The present invention relates to a fixing device configured to fix a toner image onto a recording medium and an image forming apparatus including the fixing device.

BACKGROUND ART

Conventionally, an electrographic image forming apparatus, such as a copying machine, a printer, a facsimile or a multifunction peripheral includes a fixing device configured to fix a toner image onto a recording medium, such as a sheet. For the fixing device, a heat roller manner is widely used. The heat roller manner is a manner to form a fixing nip by using a pair of rollers.

On the other hand, a fixing manner is being shifted from the above-mentioned heat roller manner to a belt manner to reduce a heat capacity of the fixing device and to shorten a warm-up time. The belt manner is a manner to form a fixing nip by using a fixing belt.

For example, Patent Document 1 discloses a fixing device including a fixing belt, a pressuring member (see “pressuring roller 22” of Patent Document 1) configured to come into pressure contact with the fixing belt so as to form a fixing nip, a heat source (see “halogen heater 23” of Patent Document 1) arranged at an inside in a radial direction of the fixing belt and a reflecting member configured to reflect a radiant heat radiated from the heat source.

[Patent Document 1] Japanese Unexamined Patent Application, Publication No. 2013-145288

SUMMARY OF INVENTION

Technical Problem

In Patent Document 1, as shown in FIG. 2 or the like, the reflecting member is opened to a separating side (a left side in FIG. 2 of Patent Document 1) from the fixing nip. Accordingly, it is impossible to intensively heat a part of the fixing belt (a lower part of the fixing belt in FIG. 2 of Patent Document 1) before the part goes into the fixing nip. Accompanying to this, the temperature of the fixing nip is lowered and there is a concern that it becomes difficult to securely fix a toner image onto a recording medium.
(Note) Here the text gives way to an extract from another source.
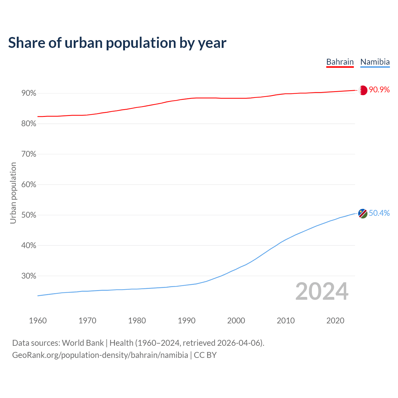 From 2004 to 2024, the share of urban population changed from 88.6% to 90.9% in Bahrain and from 35.5% to 50.4% in Namibia.

Taking the above-mentioned situation into consideration, an object of the present invention is to intensively heat a part of the fixing belt before the part goes into the fixing nip so as to securely fix a toner image onto a recording medium.

Solution to Problem

A fixing device according to the present invention includes a fixing belt configured to be rotatable, a pressuring member configured to be rotatable and to come into pressure contact with the fixing belt so as to form a fixing nip, a heat source arranged at an inside in a radial direction of the fixing belt and configured to radiate a radiant heat and a reflecting member configured to reflect the radiant heat radiated from the heat source to an inner circumference face of the fixing belt. The reflecting member includes a first reflecting part configured to incline to a side of the fixing nip toward an upstream side in a conveying direction of a recording medium and a second reflecting part arranged at a more downstream side than the first reflecting part in the conveying direction of the recording medium and at a further side from the fixing nip than the first reflecting part and configured to cover a downstream side of the heat source in the conveying direction of the recording medium.
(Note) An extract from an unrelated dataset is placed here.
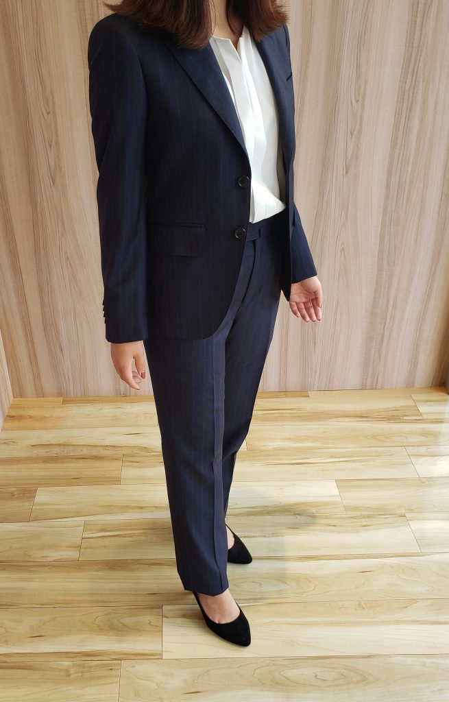 パンプスと合わせてパリッと女性らしさを演出もできますし、ローファーやレースアップシューズなどと合わせてマニッシュに演出しても素敵なスーツになってます☆

An image forming apparatus according to the present invention includes the above-mentioned fixing device.

Advantageous Effects of Invention

The present invention makes it possible to intensively heat a part of the fixing belt before the part goes into the fixing nip so as to securely fix a toner image onto a recording medium.
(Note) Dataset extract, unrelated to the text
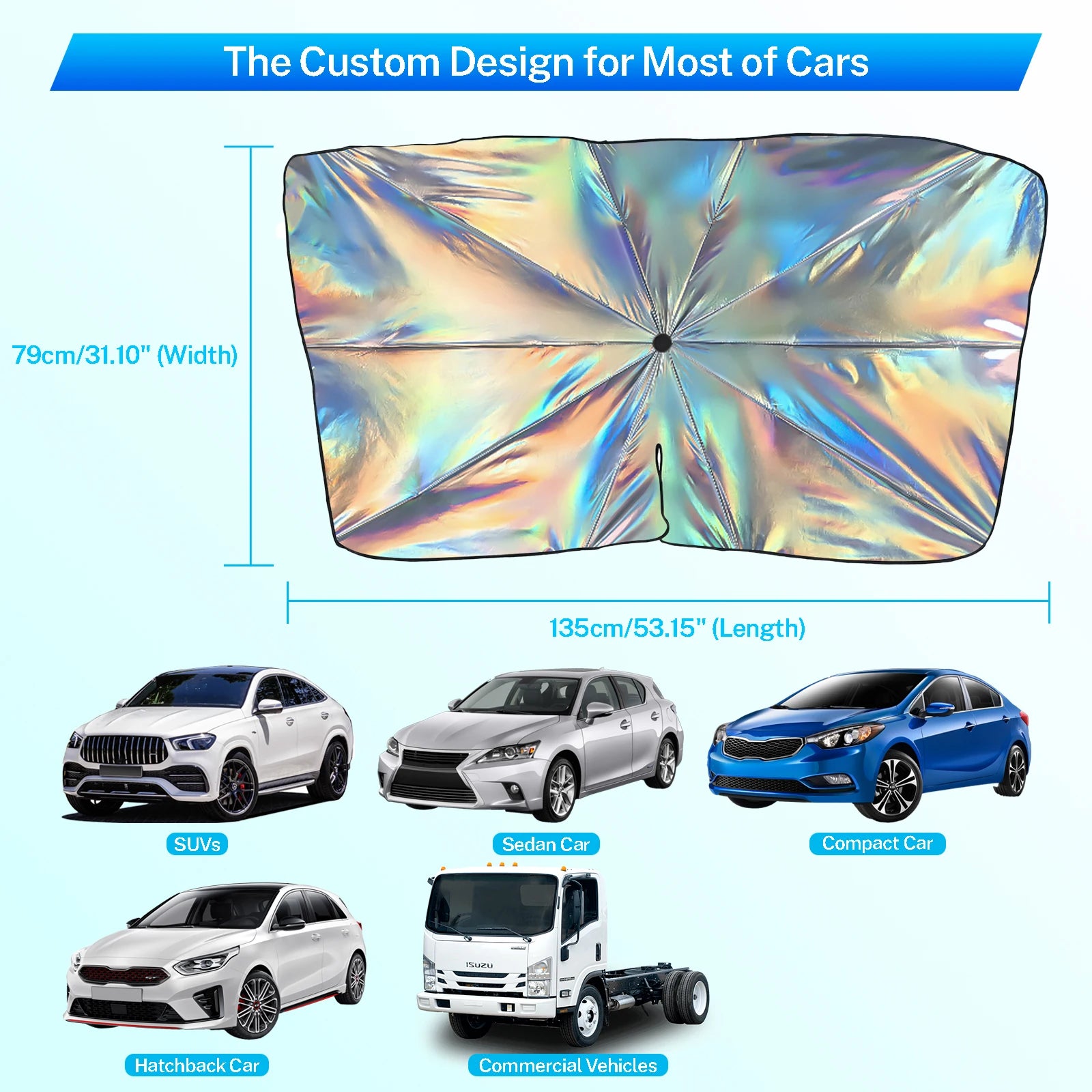 Foldable Car Umbrella Windshield Sun Shade Cover Iridescent UV Block Front Window Sunshade Heat Protection Universal Accessories

BRIEF DESCRIPTION OF DRAWINGS

FIG. 1 is a schematic diagram schematically showing a printer according to an embodiment of the present invention.

FIG. 2 is a sectional view showing a fixing device according to the embodiment of the present invention.

FIG. 3 is a perspective view showing the fixing device according to the embodiment of the present invention.

FIG. 4 is an exploded perspective view showing an upper frame part and a fixing belt in the fixing device according to the embodiment of the present invention.

FIG. 5 is a sectional view showing the fixing belt and its periphery in the fixing device according to the embodiment of the present invention.

FIG. 6 is a sectional view showing a fixing belt and its periphery in a fixing device according to another embodiment of the present invention.

FIG. 7 is a sectional view showing a fixing belt and its periphery in a fixing device according to another embodiment of the present invention.

FIG. 8 is a sectional view showing a fixing belt and its periphery in a fixing device according to another embodiment of the present invention.

DESCRIPTION OF EMBODIMENTS

First, with reference to FIG. 1, the entire structure of a printer 1 (an image forming apparatus) will be described.

The printer 1 includes a box-like formed printer main body 2. In a lower part of the printer main body 2, a sheet feeding cartridge 3 storing sheets (recording mediums) is installed and, in a top face of the printer main body 2, an ejected sheet tray 4 is formed. To the top face of the printer main body 2, an upper cover 5 is openably/closably attached at a lateral side of the ejected sheet tray 4 and, below the upper cover 5, a toner container 6 is installed.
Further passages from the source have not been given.